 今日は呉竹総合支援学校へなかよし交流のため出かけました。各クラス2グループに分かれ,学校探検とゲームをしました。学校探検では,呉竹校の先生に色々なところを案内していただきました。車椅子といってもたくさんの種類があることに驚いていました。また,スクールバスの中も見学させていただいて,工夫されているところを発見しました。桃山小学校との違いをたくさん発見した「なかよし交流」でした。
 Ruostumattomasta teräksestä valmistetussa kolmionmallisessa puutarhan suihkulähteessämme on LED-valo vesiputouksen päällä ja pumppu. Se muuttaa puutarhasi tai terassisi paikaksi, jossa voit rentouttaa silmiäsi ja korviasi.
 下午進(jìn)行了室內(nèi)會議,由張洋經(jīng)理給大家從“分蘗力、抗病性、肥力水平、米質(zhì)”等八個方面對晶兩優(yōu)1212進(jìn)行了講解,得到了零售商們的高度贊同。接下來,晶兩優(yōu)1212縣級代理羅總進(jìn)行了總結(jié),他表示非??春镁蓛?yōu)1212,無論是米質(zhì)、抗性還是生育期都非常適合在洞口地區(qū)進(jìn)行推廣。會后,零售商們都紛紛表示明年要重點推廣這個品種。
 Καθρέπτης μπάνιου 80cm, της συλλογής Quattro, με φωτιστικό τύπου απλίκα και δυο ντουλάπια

...

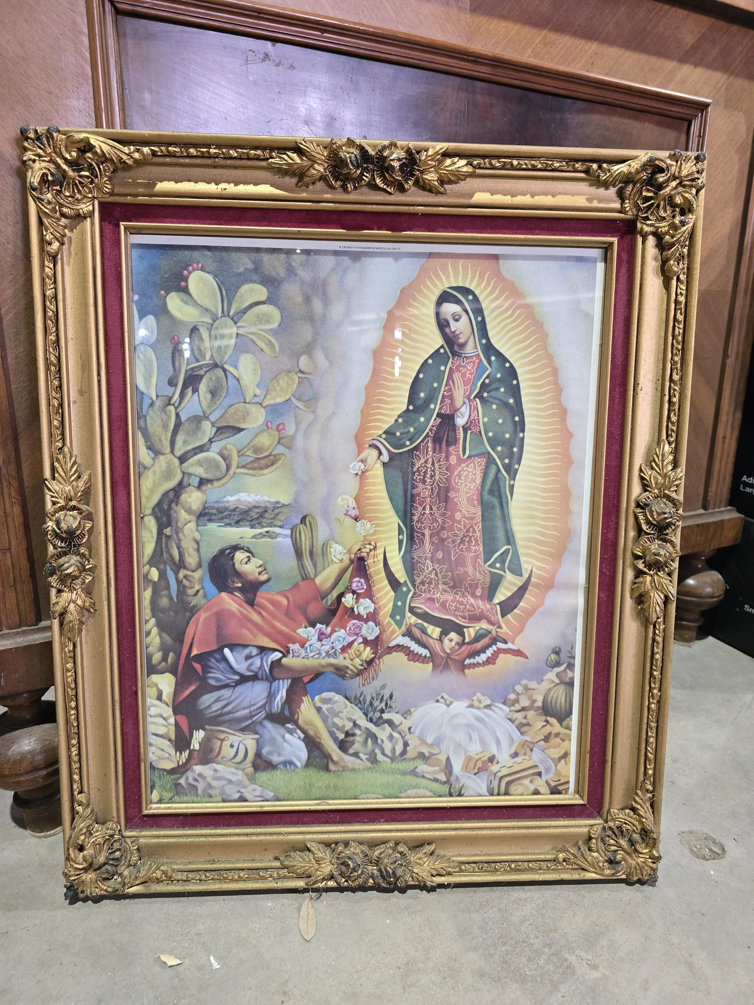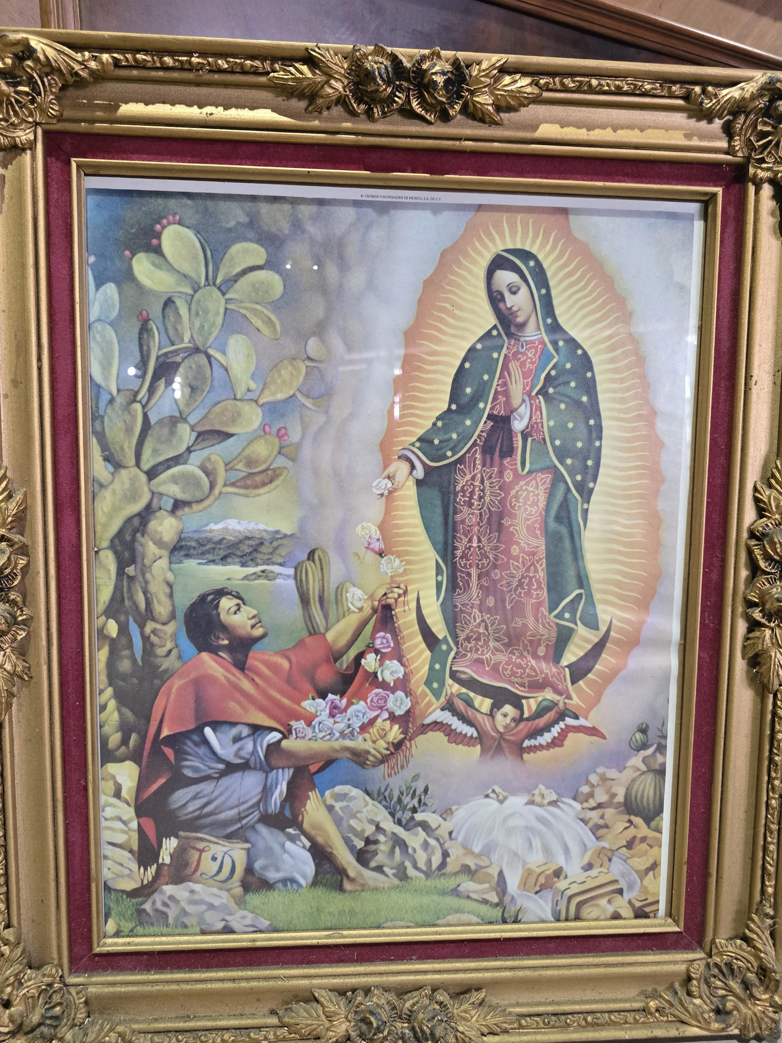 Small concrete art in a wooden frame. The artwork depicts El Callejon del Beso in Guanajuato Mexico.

* * *

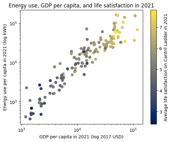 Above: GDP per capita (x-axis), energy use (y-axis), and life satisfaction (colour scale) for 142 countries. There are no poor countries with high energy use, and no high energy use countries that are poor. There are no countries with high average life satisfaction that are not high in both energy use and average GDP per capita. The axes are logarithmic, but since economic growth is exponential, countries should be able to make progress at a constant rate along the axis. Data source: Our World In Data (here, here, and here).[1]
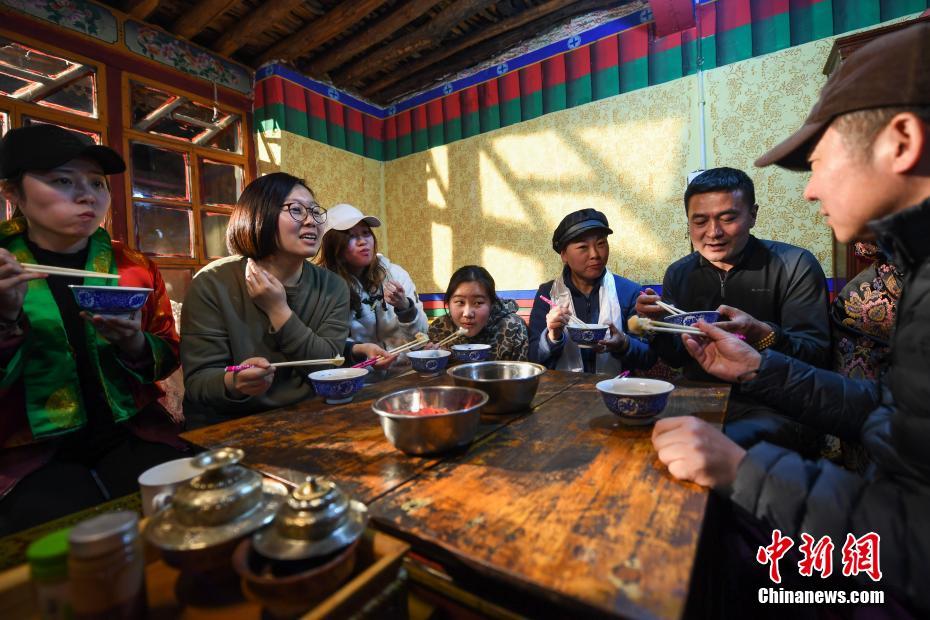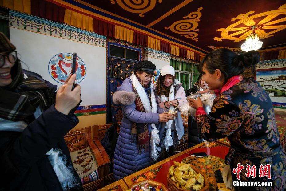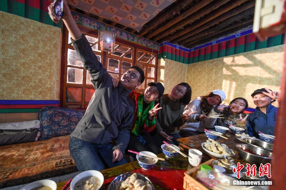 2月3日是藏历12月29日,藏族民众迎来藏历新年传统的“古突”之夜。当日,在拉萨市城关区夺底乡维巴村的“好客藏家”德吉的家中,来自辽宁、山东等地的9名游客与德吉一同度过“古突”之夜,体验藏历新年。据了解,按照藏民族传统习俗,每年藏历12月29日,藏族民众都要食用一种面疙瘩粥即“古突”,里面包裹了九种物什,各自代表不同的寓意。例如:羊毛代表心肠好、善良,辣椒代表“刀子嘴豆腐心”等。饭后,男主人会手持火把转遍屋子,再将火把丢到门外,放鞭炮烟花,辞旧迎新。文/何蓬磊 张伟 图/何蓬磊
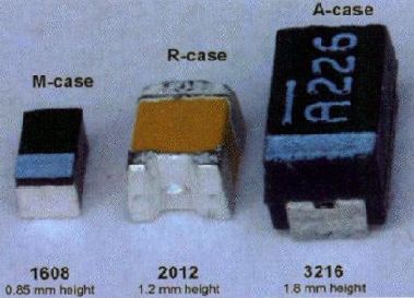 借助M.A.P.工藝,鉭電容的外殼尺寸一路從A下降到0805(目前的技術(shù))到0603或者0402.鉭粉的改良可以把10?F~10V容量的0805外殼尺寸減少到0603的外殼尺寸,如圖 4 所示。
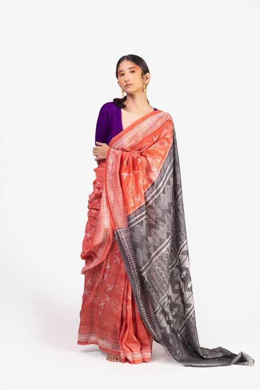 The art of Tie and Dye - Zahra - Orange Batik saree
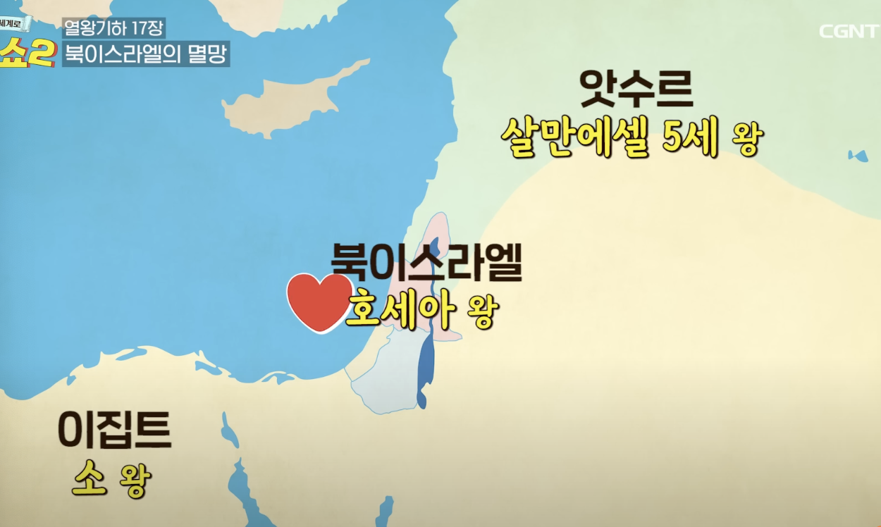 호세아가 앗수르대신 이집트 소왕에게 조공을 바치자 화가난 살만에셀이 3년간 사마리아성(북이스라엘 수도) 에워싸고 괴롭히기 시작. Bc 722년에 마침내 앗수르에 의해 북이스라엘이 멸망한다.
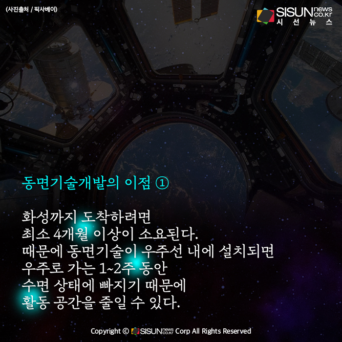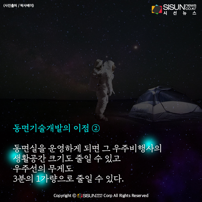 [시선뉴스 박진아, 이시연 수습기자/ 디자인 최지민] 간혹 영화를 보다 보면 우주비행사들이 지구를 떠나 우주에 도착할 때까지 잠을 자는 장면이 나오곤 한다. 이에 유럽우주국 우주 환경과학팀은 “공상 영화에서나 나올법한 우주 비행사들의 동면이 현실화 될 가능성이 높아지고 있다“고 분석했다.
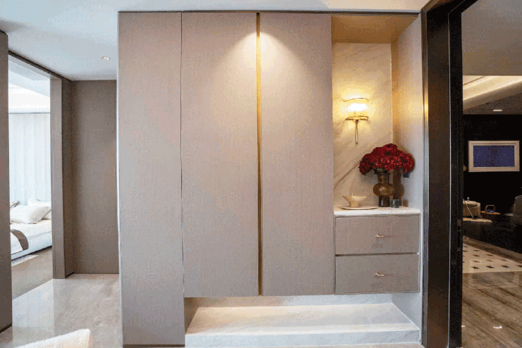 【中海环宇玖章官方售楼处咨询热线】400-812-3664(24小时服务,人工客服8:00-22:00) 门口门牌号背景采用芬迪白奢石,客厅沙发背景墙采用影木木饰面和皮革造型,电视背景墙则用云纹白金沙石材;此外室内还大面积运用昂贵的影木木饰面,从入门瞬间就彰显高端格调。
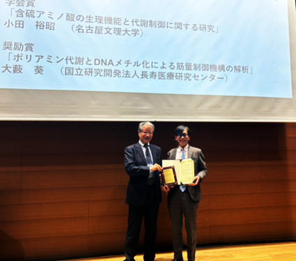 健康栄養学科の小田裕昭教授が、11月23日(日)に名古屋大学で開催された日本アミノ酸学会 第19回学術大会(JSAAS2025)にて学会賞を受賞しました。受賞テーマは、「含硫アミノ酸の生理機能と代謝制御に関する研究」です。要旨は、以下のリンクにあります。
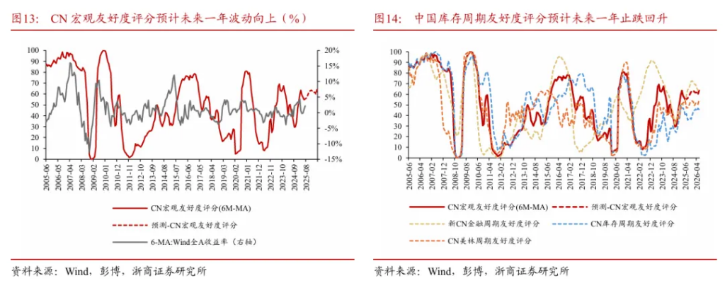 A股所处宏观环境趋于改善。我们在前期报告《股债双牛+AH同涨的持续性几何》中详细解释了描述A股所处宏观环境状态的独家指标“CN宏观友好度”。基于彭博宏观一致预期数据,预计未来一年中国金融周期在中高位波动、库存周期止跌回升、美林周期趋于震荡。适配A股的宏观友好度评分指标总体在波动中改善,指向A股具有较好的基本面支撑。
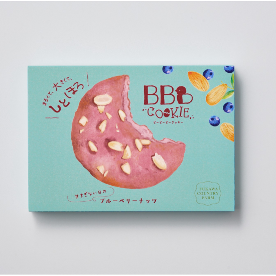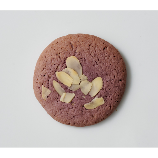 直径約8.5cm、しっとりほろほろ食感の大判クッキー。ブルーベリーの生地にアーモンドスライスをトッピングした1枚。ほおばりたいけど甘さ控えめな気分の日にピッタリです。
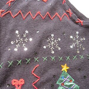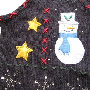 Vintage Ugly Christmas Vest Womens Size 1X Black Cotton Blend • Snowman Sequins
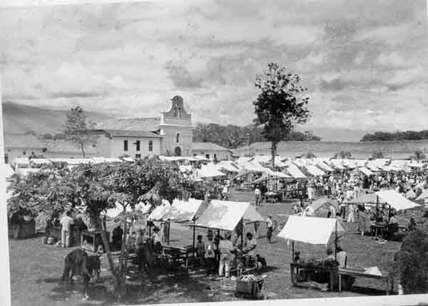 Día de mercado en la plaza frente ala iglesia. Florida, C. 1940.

TASK BRIEF:
From the data above, output only the lines between the line containing "Ruostumattomasta teräksestä valmistetussa" and the line containing "Καθρέπτης μπάνιου 80cm, της", inclusive, exactly as written.

RESULT FOR THIS TASK:
 Ruostumattomasta teräksestä valmistetussa kolmionmallisessa puutarhan suihkulähteessämme on LED-valo vesiputouksen päällä ja pumppu. Se muuttaa puutarhasi tai terassisi paikaksi, jossa voit rentouttaa silmiäsi ja korviasi.
 下午進(jìn)行了室內(nèi)會議,由張洋經(jīng)理給大家從“分蘗力、抗病性、肥力水平、米質(zhì)”等八個方面對晶兩優(yōu)1212進(jìn)行了講解,得到了零售商們的高度贊同。接下來,晶兩優(yōu)1212縣級代理羅總進(jìn)行了總結(jié),他表示非??春镁蓛?yōu)1212,無論是米質(zhì)、抗性還是生育期都非常適合在洞口地區(qū)進(jìn)行推廣。會后,零售商們都紛紛表示明年要重點推廣這個品種。
 Καθρέπτης μπάνιου 80cm, της συλλογής Quattro, με φωτιστικό τύπου απλίκα και δυο ντουλάπια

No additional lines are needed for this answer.